Methods The proposed model combines cloud opacity estimation with an advanced image generation framework. It begins by formalizing assumptions about cloud opacity and brightness to address stratified cloud phenomena in remote sensing images. And its core is an improved Transformer-based generator, which introduces a redesigned multi-head mask attention (MMA) mechanism. This mechanism uses a dynamically generated weighted mask created from estimated cloud opacity and brightness compensation maps to modulate neuron activation. The mask strategically suppresses features from heavily cloud-obscured pixels during aggregation, focusing the model's attention first on clearer regions and cloud edges. Additionally, a progressive sliding window mask update strategy is adopted, which gradually shrinks the inhibitory mask as the network deepens. This allows the model to iteratively propagate reliable information from outer regions into thick cloud cores, enabling full restoration. The model architecture adopts a dual-generator design, in which the first generator is responsible for estimating cloud opacity and brightness compensation values to generate guiding masks and the second generator integrated with MMA blocks is dedicated to synthesizing the final cloud-free image. Training is guided by a composite loss function that integrates non-saturating adversarial loss, structural similarity (SSIM) loss, and perceptual loss, ensuring visual fidelity, structural accuracy, and feature consistency. For evaluation, a dedicated alpine dataset is built using Sentinel-2 Level-2A imagery in Southeastern Tibetan Plateau. Cloud masks from S2cloudless are used to create precise cloudy-clear pairs, and a simulation protocol generates physically realistic training samples with corresponding opacity and compensation ground truth.

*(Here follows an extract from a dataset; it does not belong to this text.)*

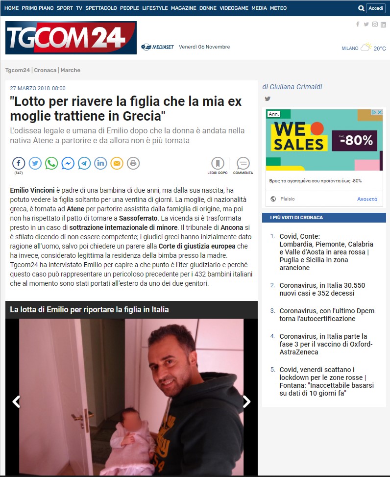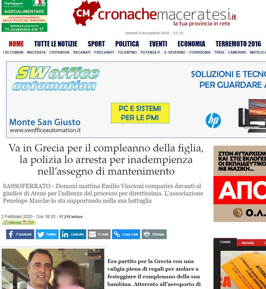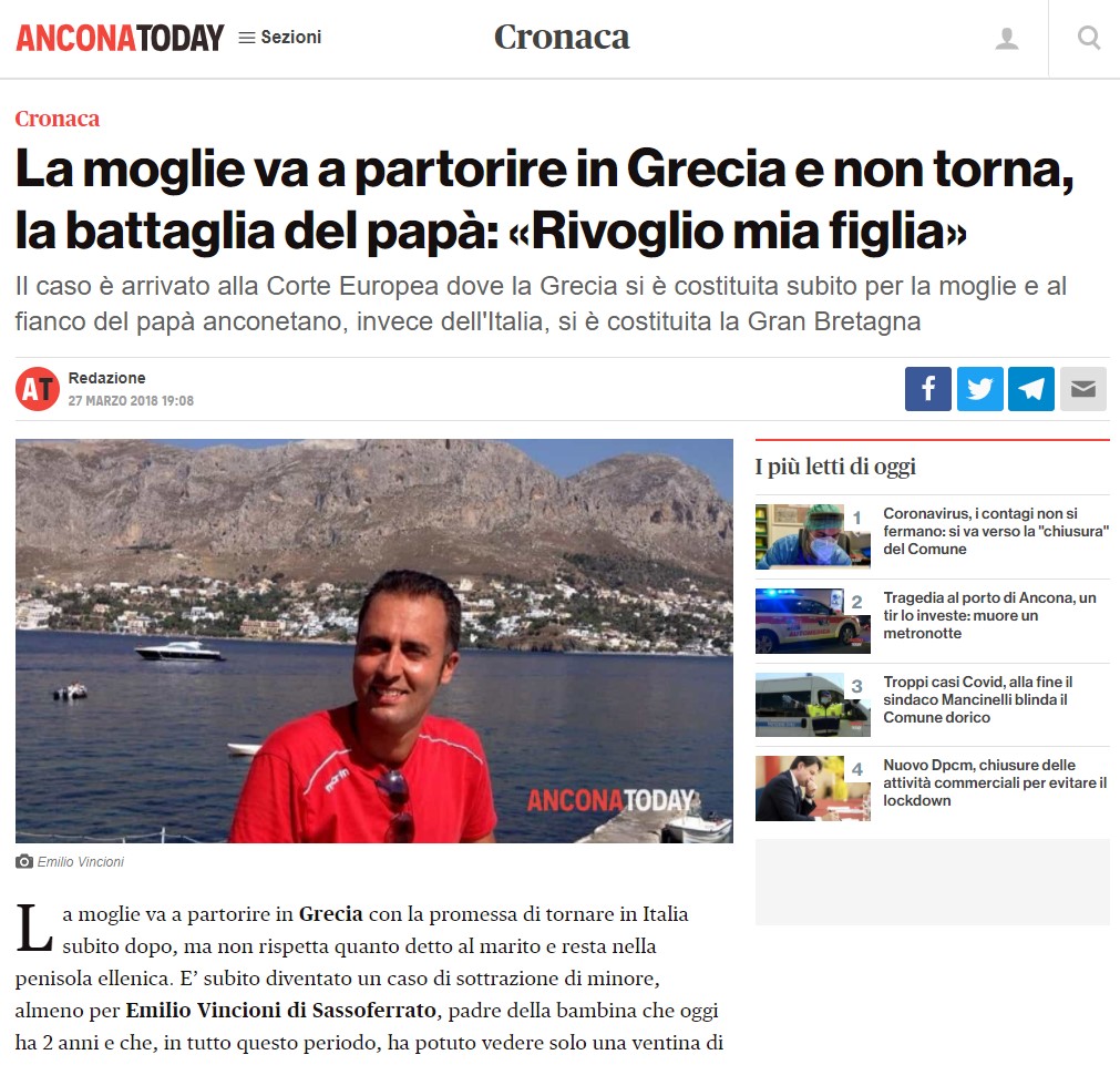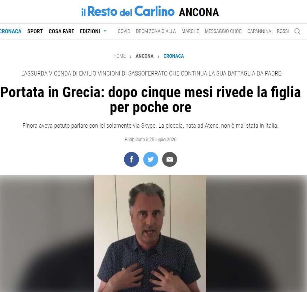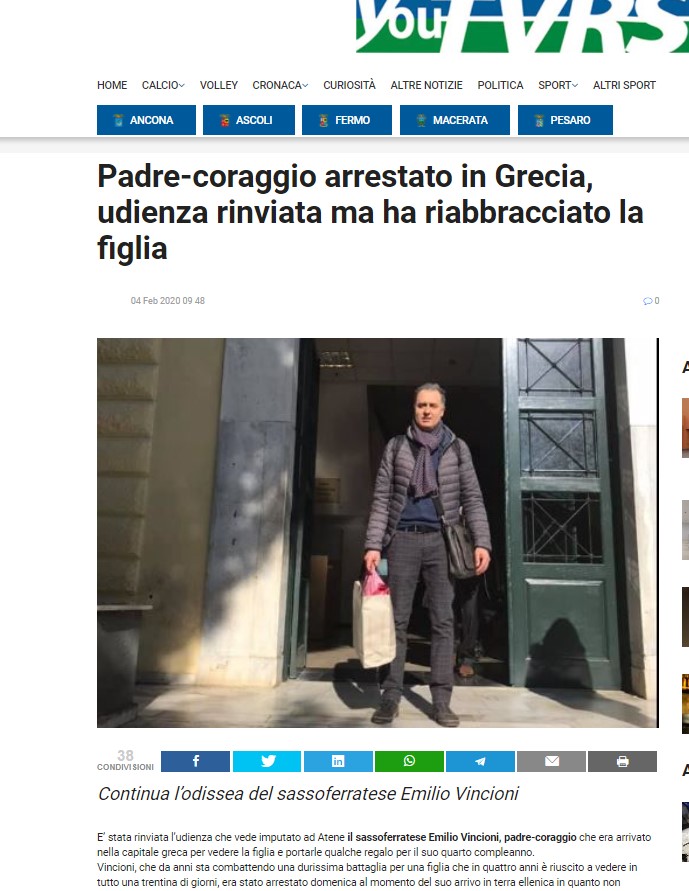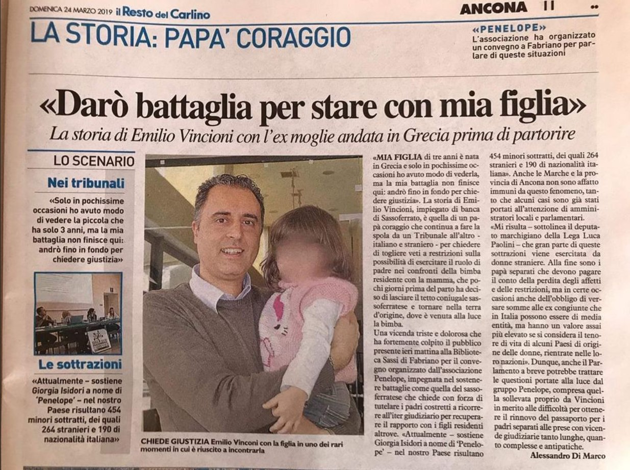 Η περιπέτεια του Εμίλιο για τους Ιταλούς λίγο πολύ είναι γνωστή από δημοσιεύματα. Άλλωστε δεν είναι ο μοναδικός πατέρας που βρέθηκε σε αυτή τη θέση. Δεκάδες δικαστήρια για να μπορέσει να κερδίσει τη συνεπιμέλεια αλλά μάταια. Ακόμα και τα Ευρωπαϊκά Δικαστήρια όπου προσέφυγε δεν τον δικαίωσαν, αλλά ούτε και τα Ιταλικά. Απευθύνθηκε ακόμα και σε Ιταλούς πολιτικούς, προκειμένου να παρέμβουν για την υπόθεσή του.  Όπως εξηγεί στο zougla.gr «μου πήραν το παιδί μου. Δεν μπορώ ως πατέρας να μεγαλώσω την κόρη μου που σήμερα είναι 4,5 ετών. Για να δω την κόρη μου πρέπει να ταξιδεύω στην Ελλάδα και ο χρόνος μαζί της είναι περιορισμένος. Τα ελληνικά δικαστήρια μου απαγορεύουν βάσει νόμου να μπορώ κι εγώ να μεγαλώνω την κόρη μου. Μπορεί η μητέρα της να μην θέλει να γυρίσει στην Ιταλία αλλά είναι και δικό μου παιδί. Τον Φεβρουάριο με συνέλαβαν στο αεροδρόμιο επειδή αντί για 550 ευρώ διατροφή είχα βάλει 400. Είχε τα γενέθλιά της η κόρη μου και ήρθα στην Ελλάδα με δώρα για να της δώσω. Με σταμάτησαν και με συνέλαβαν».

Results The proposed model is rigorously evaluated against three state-of-the-art methods. On quantitative metrics, it outperforms all counterparts, achieving a mean absolute error of 0.025 6, root mean square error of 0.035 6, peak signal-to-noise ratio of 30.185 1, and SSIM index of 0.899 6. Visually, it excels in texture preservation and artifact reduction, especially under moderate (20%-30%) and heavy (>30%) cloud cover, where others show significant distortion. The proposed model also demonstrates robustness in snow-covered alpine scenes.

Conclusions This work presents an effective cloud removal model for alpine regions by unifying thin-cloud correction and thick-cloud inpainting within a Transformer framework. The weighted mask and progressive update strategy provide a targeted explainable restoration process. This approach significantly enhances optical image usability in cloudy mountain areas and offers valuable support for related scientific research.